**Aim of the task:** Look in the listing below for the line that has "This wooden planter", then return it and each following line up to and including the one with "At low temperatures, the", exactly and without pictures.

**Records for this task:**
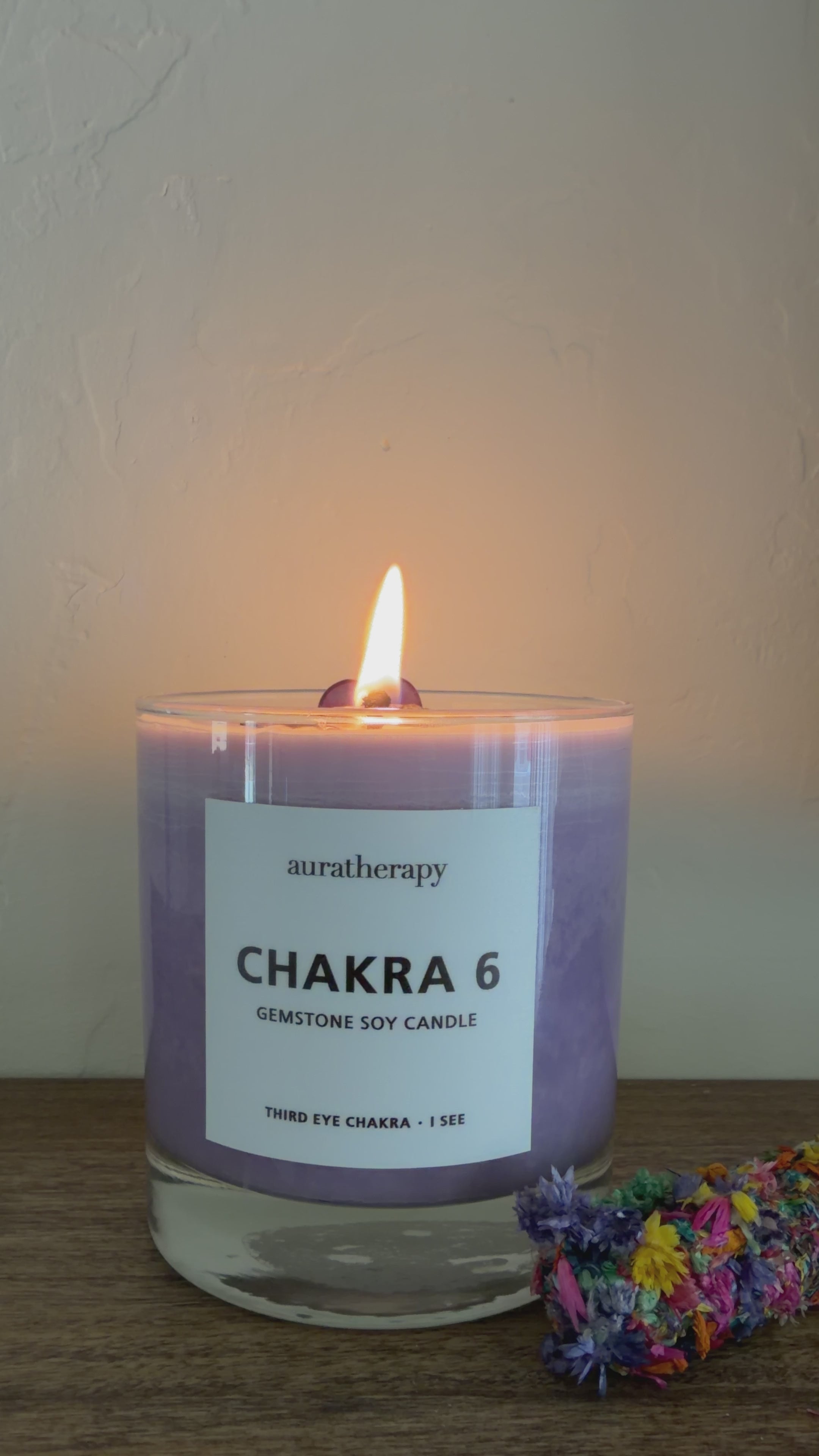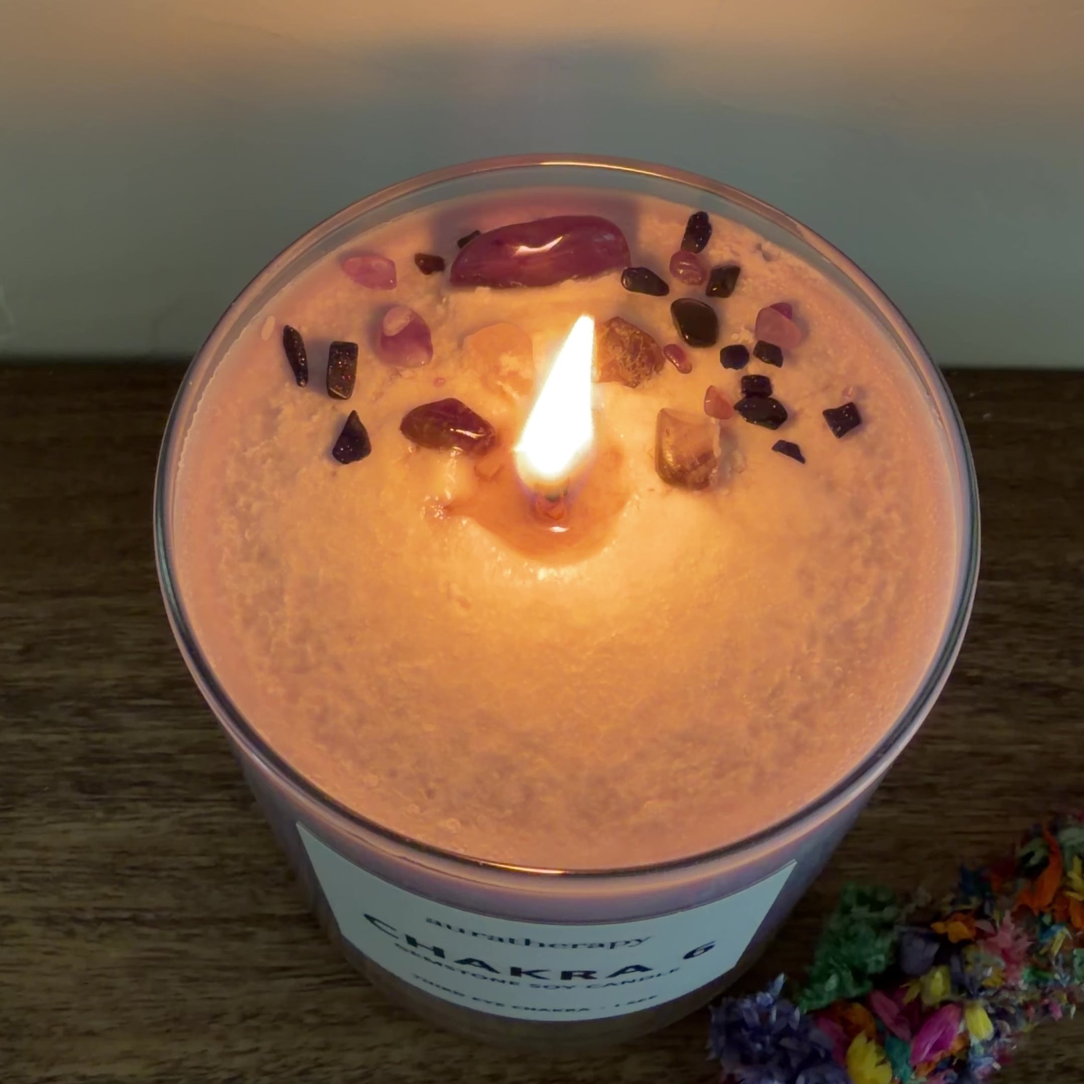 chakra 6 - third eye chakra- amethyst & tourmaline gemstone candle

--

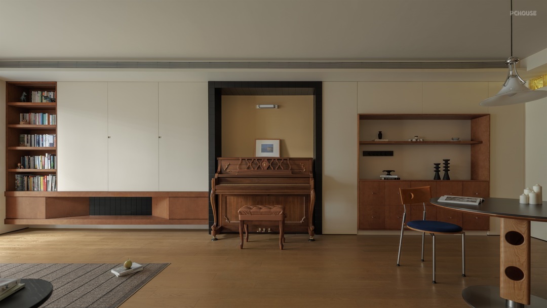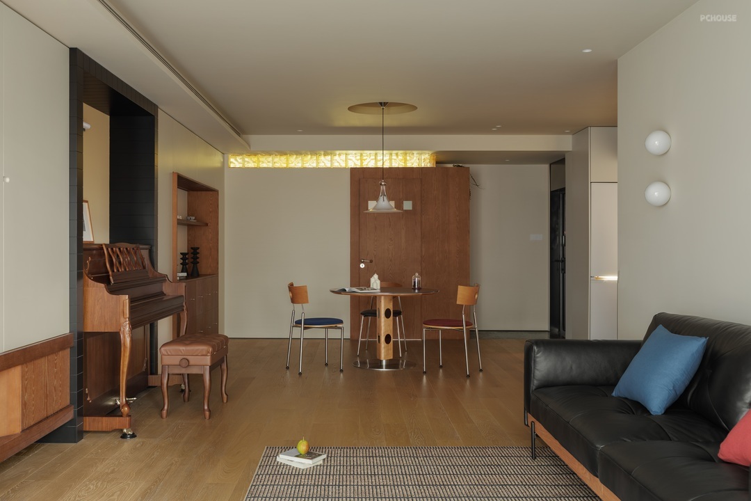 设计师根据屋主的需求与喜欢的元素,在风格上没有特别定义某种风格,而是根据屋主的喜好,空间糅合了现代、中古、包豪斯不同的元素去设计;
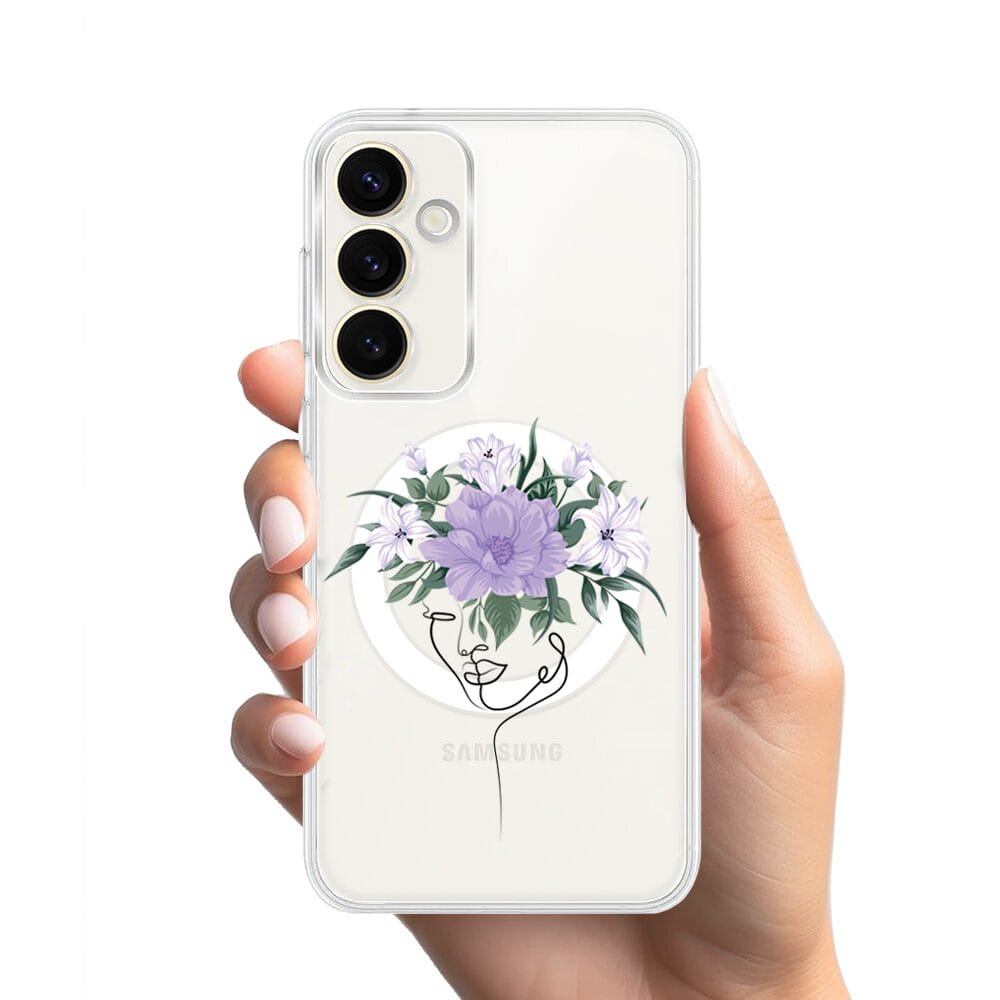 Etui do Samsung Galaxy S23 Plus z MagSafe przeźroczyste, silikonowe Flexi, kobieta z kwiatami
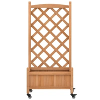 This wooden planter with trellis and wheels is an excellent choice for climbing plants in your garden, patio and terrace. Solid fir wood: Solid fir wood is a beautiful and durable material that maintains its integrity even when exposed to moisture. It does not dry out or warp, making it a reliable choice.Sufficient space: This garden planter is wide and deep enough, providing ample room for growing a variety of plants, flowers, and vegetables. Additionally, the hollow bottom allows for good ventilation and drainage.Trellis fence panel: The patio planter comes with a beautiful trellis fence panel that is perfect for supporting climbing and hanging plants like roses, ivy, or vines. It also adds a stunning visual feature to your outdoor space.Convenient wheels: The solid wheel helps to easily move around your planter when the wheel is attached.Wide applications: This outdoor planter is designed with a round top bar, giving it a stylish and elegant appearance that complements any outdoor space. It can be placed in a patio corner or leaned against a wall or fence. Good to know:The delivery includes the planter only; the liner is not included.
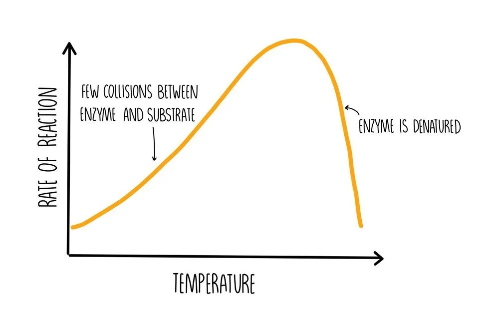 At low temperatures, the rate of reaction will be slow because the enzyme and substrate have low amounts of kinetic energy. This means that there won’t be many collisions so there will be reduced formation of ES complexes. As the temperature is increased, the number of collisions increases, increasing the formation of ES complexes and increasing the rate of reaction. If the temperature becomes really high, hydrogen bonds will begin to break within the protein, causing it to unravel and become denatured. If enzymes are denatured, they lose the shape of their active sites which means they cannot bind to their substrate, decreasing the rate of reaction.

**Problem solution:**
 This wooden planter with trellis and wheels is an excellent choice for climbing plants in your garden, patio and terrace. Solid fir wood: Solid fir wood is a beautiful and durable material that maintains its integrity even when exposed to moisture. It does not dry out or warp, making it a reliable choice.Sufficient space: This garden planter is wide and deep enough, providing ample room for growing a variety of plants, flowers, and vegetables. Additionally, the hollow bottom allows for good ventilation and drainage.Trellis fence panel: The patio planter comes with a beautiful trellis fence panel that is perfect for supporting climbing and hanging plants like roses, ivy, or vines. It also adds a stunning visual feature to your outdoor space.Convenient wheels: The solid wheel helps to easily move around your planter when the wheel is attached.Wide applications: This outdoor planter is designed with a round top bar, giving it a stylish and elegant appearance that complements any outdoor space. It can be placed in a patio corner or leaned against a wall or fence. Good to know:The delivery includes the planter only; the liner is not included.
 At low temperatures, the rate of reaction will be slow because the enzyme and substrate have low amounts of kinetic energy. This means that there won’t be many collisions so there will be reduced formation of ES complexes. As the temperature is increased, the number of collisions increases, increasing the formation of ES complexes and increasing the rate of reaction. If the temperature becomes really high, hydrogen bonds will begin to break within the protein, causing it to unravel and become denatured. If enzymes are denatured, they lose the shape of their active sites which means they cannot bind to their substrate, decreasing the rate of reaction.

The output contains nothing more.